I feed it beer and don't ask why it hides skittles, among other things, inside.


----------



## Doss (Mar 14, 2012)

*JAGWAH*, excellent response.

And, on another note, I plan on building something soon that is not nearly as Herculean an endeavor, but of similar cool factor. I think all of us should at least build one completely ridiculous project in our lives.


----------



## grizzman (May 10, 2009)

do we tell them how to wear there hair…no…...i think the beard issue should be our own, i saw it all out there and crazy…yea…maybe you should tie it into braids…with colored wooden bows or something…that ship is so cool, i would love to be involved with that build…and then be on her when she sails….arrrrrrrrr matey…


----------



## JAGWAH (Dec 15, 2009)

Doss, I got to build a fun item years ago for an architect.

I was called to his office and given plans for a huge house. The elevation views showed an attached waterwheel, which I was to build. I was given no other detail or dimension drawings. All I knew was this bad boy was to be 13' in diameter.

I thought cool, and accepted the task. Later as I was headed home I bought some gas. While pumping the gas I happened to look up and saw a sign that said, 12' clearence. Crap, I then realized how big this puppy was and I didn't have room on my shop floor.

Long story short, the project was cool, the build challenging and the results terrific. I would love to start another similarly challenging project.
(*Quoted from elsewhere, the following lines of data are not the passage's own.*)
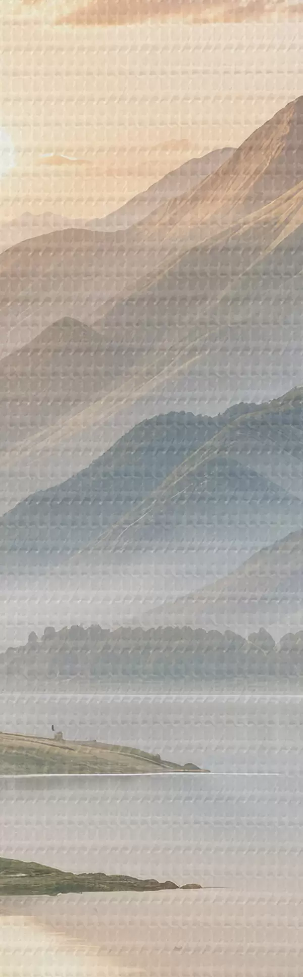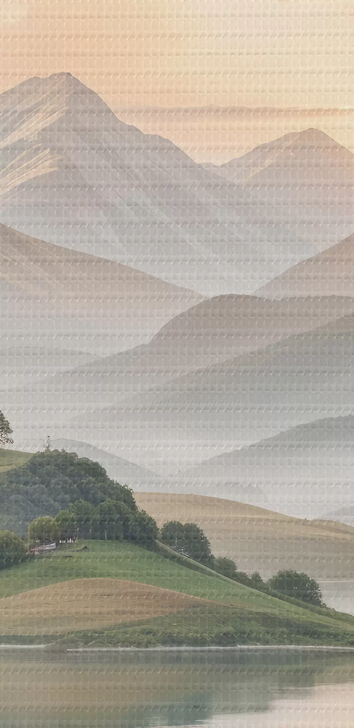 Attēls Rāma ainava ar ezeru, kas atspoguļo kalnus fonā ar nelielu laivu rāmā ūdenī Nr r40391
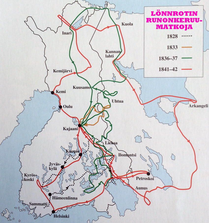 4. В 1833 уездным врачом в Каяани был назначен Элиас Лённрот (Elias Lönnrot, 1802-1884), недавно закончивший университет; с эпидемиями оспы, скарлатины, холеры и брюшного тифа работы у него тут хватало, хотя даже отдельного здания больницы в городе, населением в 400 человек на тот момент, не было. В какой-то момент он и сам пролежал шесть недель с тифом. Тем не менее, именно этот край местом своей работы он выбрал сам, благодаря близости к столь интересующей его Беломорской Карелии на российской стороне границы; туда он мог ездить в отпуска заниматься своим основным увлечением, сбором местного фольклора — ведь в глухой Карелии фольклор и языческие верования сохранились намного лучше, чем в строго протестантской Финляндии. Лённрот бывал в Кайнуу и Карелии и до своей работы врачом тут, но из Каяани путешествовать было намного удобнее. Именно в Каяани, в 1835 году, он выпустил первую редакцию своего знаменитого эпоса "Калевалы", скомпилированного из обрывков в основном карельского фольклора. В Каяани Лённрот прожил двадцать лет, и уехал оттуда в 1854 году на должность профессора финского языка и словесности в Хельсинкский университет.
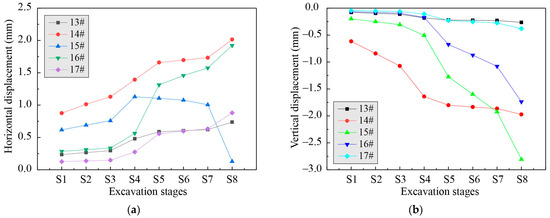 The maximum vertical displacement of the pile cap during shield tunnel excavation is shown in Figure 8b, as can be seen that it varies with different excavation stages. For all piers, in the initial stages of left tunnel excavation (S1 to S4), the vertical displacement of the pile cap increases as excavation progresses. This is due to the vertical displacement of the soil around the piles caused by tunnel excavation, which leads to vertical displacement of the pile cap. When the right tunnel excavation begins (S5), the vertical displacement of the pile caps of different piers continues to increase with the excavation stages. Particularly, for Piers 15# and 16#, located between the two tunnels, the vertical displacement of the pile caps becomes more pronounced after S5. This is because the stress changes in the soil due to twin tunnel excavation create a cumulative effect between the two tunnels, significantly increasing the vertical displacement of the pile caps. Additionally, the distance of the piers from the tunnel also affects the vertical displacement of the pile caps. Piers closer to the tunnel (e.g., Pier 14#) experience greater impact and, hence, greater vertical displacement of the pile caps, while piers farther from the tunnel (e.g., Piers 13# and 17#) experience less impact and smaller changes in vertical displacement of the pile caps.
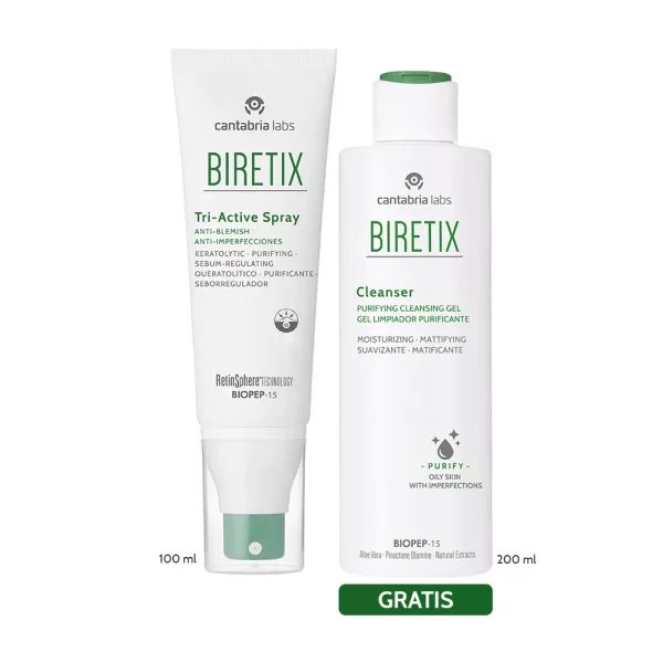 Kit Biretix TriActive Spray 100 ml con regalo Cleanser Gel 200 ml. Rutina para piel grasa que controla imperfecciones, limpia profundamente y mejora la textura con ácidos exfoliantes y calmantes.

That's why this ship struck a chord with me.


----------



## JAGWAH (Dec 15, 2009)

GRIZZ, They are looking for a crew to sail her.


----------



## grizzman (May 10, 2009)

wow bob, if it were not for a bad back, i would be up for it, arrrrrrrrrrr…grow my hair long again, get the beard back, grab my sword, and off i go, to norway….....you should do it, go down in style…that is so cool…wish i could


----------



## ssnvet (Jan 10, 2012)

run for your life… the northmen are coming!


----------



## grizzman (May 10, 2009)

that wheel is really great bob, i think doss is right, we should all build something on the really cool scale, ive thought many times of doing an old sail ship, but this viking boat really strikes a cord…i know im making myself a really cool piece of furniture this fall and winter, i think its going to be my own secretary type desk, made of walnut and pecan, loaded with inlays and all kinds of things that i like, lots of nature…probably bears and trees, and who knows , im going to start the design next week…wish me luck


----------



## JAGWAH (Dec 15, 2009)

Luck,GRIZZ!

Another post talks of irrational fear of a tool. Sometimes we can have an irrational fear of a project. Either way it can be a good thing. If we don't do things out of our comfort zone we can't learn and grow as craftsmen.


----------



## grizzman (May 10, 2009)

i just watched the video, my gosh what a build, things like this getting me so siked, , but were to late bob, they said the boat was going to be launched in june of this year…wow what a ship, there is no way i would have been one of the builders and not sailed with her…that is wood working in its finest…truly


----------



## BMartin9000 (Aug 22, 2012)

I love the idea of recreating a viking ship. Now lets get another pyramid in the middle of the Arizona desert!


----------



## JAGWAH (Dec 15, 2009)

GRIZZ, this was the initial launch last June. Dragon Launch

The actual sea journey is yet to happen. There's still time to polish your helmet. OK that's sounds wrong, sorry.


----------



## KnickKnack (Aug 20, 2008)

I can't find the poster who led me to this Viking ship site

I believe this was OldMarine's original posting about this ship.


----------



## ssnvet (Jan 10, 2012)

Viking ship crew wanted… BYOA (bring your own axe) :^)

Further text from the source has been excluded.